Step 2: Sell the software that reduces operational load
When drones are new, operators drown in manual monitoring and reporting. Offer:
- AI-assisted dispatching
- Automated compliance logs
- Exception triage workflows
- Predictive maintenance alerts (battery cycles, motor health proxies)
Even a “small” product can become the system of record if it owns reporting.
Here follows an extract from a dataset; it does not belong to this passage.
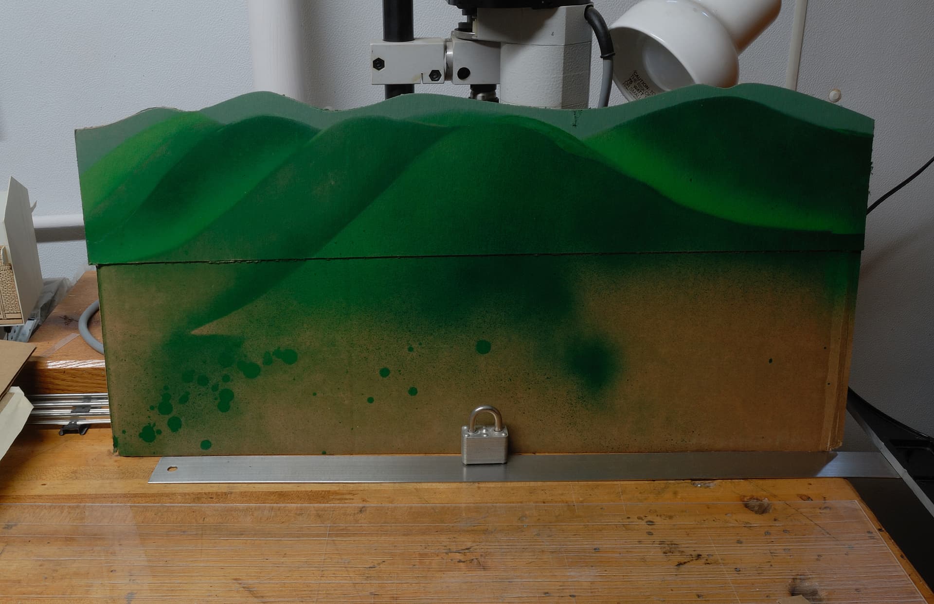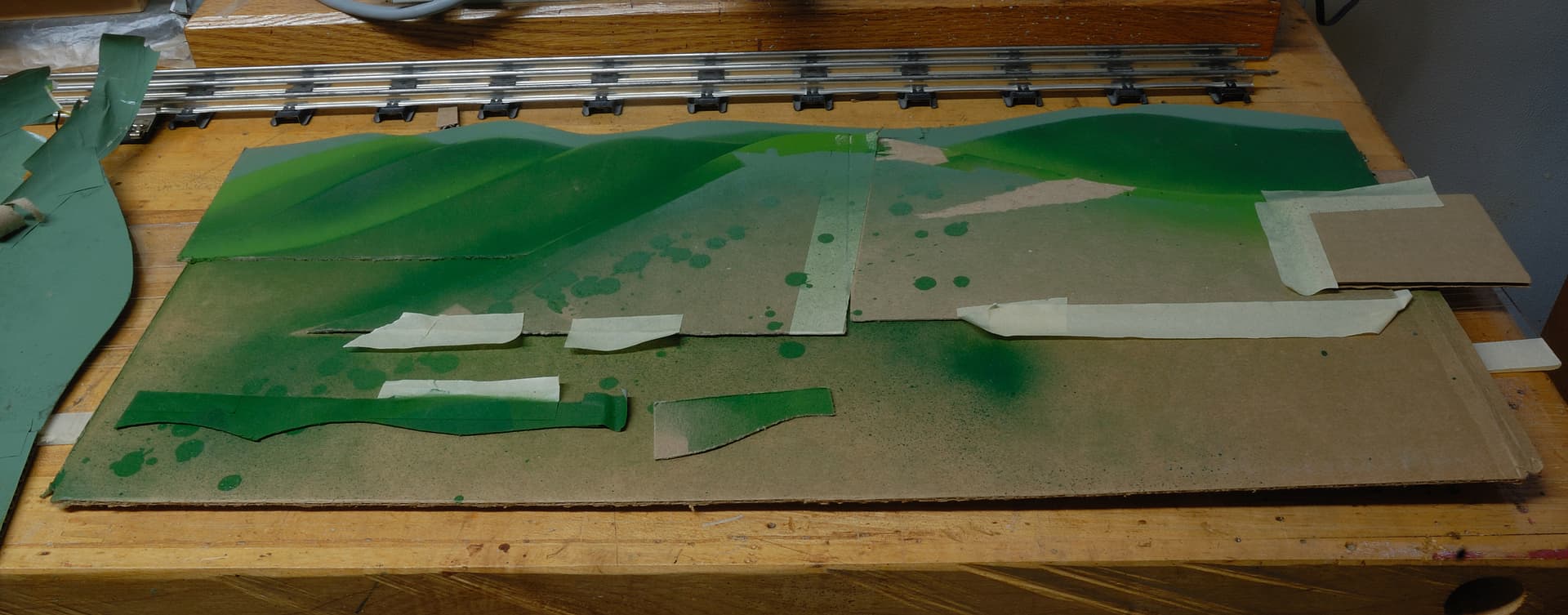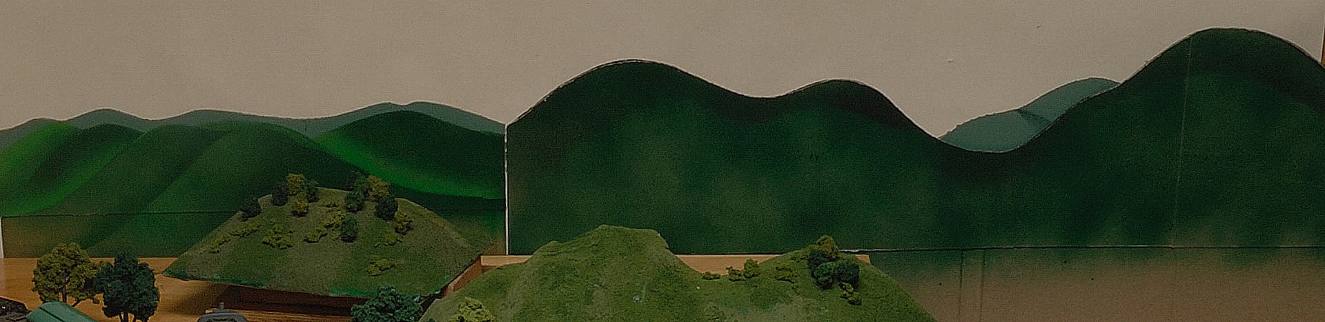 ..or you can cut out hill/mountain shapes from the cardboard spray paint the shapes and fit them in one behind the other to give a sense of hills and distance such as the cutouts to the right of the picture.

Step 3: Build for hybrid from day one
Design integrations with:
- Warehouse management systems (WMS)
- Order management systems (OMS)
- Customer notification (ETA, handoff instructions)
- Returns workflows
In other words: don’t build “drone software.” Build supply chain software that supports drones.
Step 4: Localise operations, not just language
Vietnam execution lives in operational detail:
- Address formats and drop-point constraints
- Building management policies
- Cash-on-delivery edge cases (where relevant)
- Local partner SOPs
Localisation is a product requirement in logistics. Treat it that way.
People also ask: what should founders watch next?
When will drone delivery become common in Vietnam? Expect gradual rollout: pilots first, then controlled commercial lanes, then expansion as rules and infrastructure stabilise. The timeline depends more on regulation and drop-point infrastructure than on drone availability.
Will drones replace couriers? No. The durable model is hybrid. Couriers remain dominant for dense, multi-drop routes; drones fill specific gaps where speed, congestion bypass, or reliability justify them.
What’s the biggest risk for startups building around drone delivery? Betting the company on being the drone operator before regulatory clarity and unit economics are proven. The safer bet is the software layer that improves utilisation, compliance, and exception handling.
Where this fits in “AI dalam Logistik dan Rantaian Bekalan”
Drone delivery is a flashy endpoint, but the series theme stays the same: AI wins by improving flow—of goods, data, and decisions. Ho Chi Minh City’s test is one more sign that Southeast Asia is ready to experiment with new distribution models. Singapore startups are well positioned to supply the enabling layer: optimisation, orchestration, and visibility.
If you’re planning Vietnam expansion, now is the right moment to map partners and identify the first narrow lane you can own—before everyone else rushes in with the same pitch deck.
What lane in Vietnam would your product improve immediately: time-critical delivery, inventory placement, or exception handling? The answer usually tells you what to build next.